The most popular video platform, YouTube , has not been going through its best moment in recent months.
After a British newspaper reported that major brand advertisements appeared in videos with violent or extremist content, many advertisers decided to stop showing on the platform.
Google's biggest mistake was trying to treat YouTube as an extension of television to make it more attractive to advertisers.
However, the characteristics of the digital video ecosystem , from what its audiences are like to how advertising is sold, are radically different from those of the "idiot box."
And one important element has been overlooked in the industry: digital media is not just one platform but 7 or more major platforms with YouTube being the most important in terms of video.
All of these platforms share the same space but have different business models, measurement systems, user behavior, and advertising models.

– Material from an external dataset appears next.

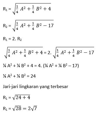 Jika panjang jari-jari lingkaran x2 + y2 + Ax + By – 4 = 0 adalah dua kali panjang jari-jari lingkaran yang x2 + y2 + Ax + By + 17 = 0, maka panjang jari-jari lingkaran yang lebih besar adalah …

Ciara Henderson, director of strategy at VIDRIO, offers us in brazil phone number Barnd Quarterly some of the premises that have been ignored in the digital industry:
1. In the digital world not everything works the same way
2. Programmatic is the process of buying advertising at scale and is not the same as behavioral targeting.
3. Behavioral data, which over-individuates consumers, is not preferable to less data.
4. Independent measurement and verification are not necessary
The complexity of the 2.0 environment is precisely its precision. While ratings are based on the extrapolation of data and samples, digital offers exact measurements.
"While ratings calculate an average audience, digital shows precisely how many times a piece of content has been viewed, who has viewed it, and sometimes whether a purchase has been made. And that is something that television cannot do ," he explains.
Independent measurements are not necessary in the digital world. YouTube has a direct-to-advertiser advertising model whose metrics accurately and immediately show the effectiveness of the investment.
Henderson therefore rejects the industry's recommendations for ensuring so-called "brand safety" on YouTube: restricting the supply of video through video inventory and promoting third-party verification.
Why? Because both solutions try to imitate the television measurement model (independent verification, large audiences, limited ads, limited inventory) which only increases the cost of advertising.
The success of the digital video ecosystem and YouTube in particular lies in its ability to reach hyper-fragmented audiences through user-generated content as opposed to the masses of television.
In this way, while television crosses its fingers to reach consumers, digital media allows reaching the desired consumer at the desired time.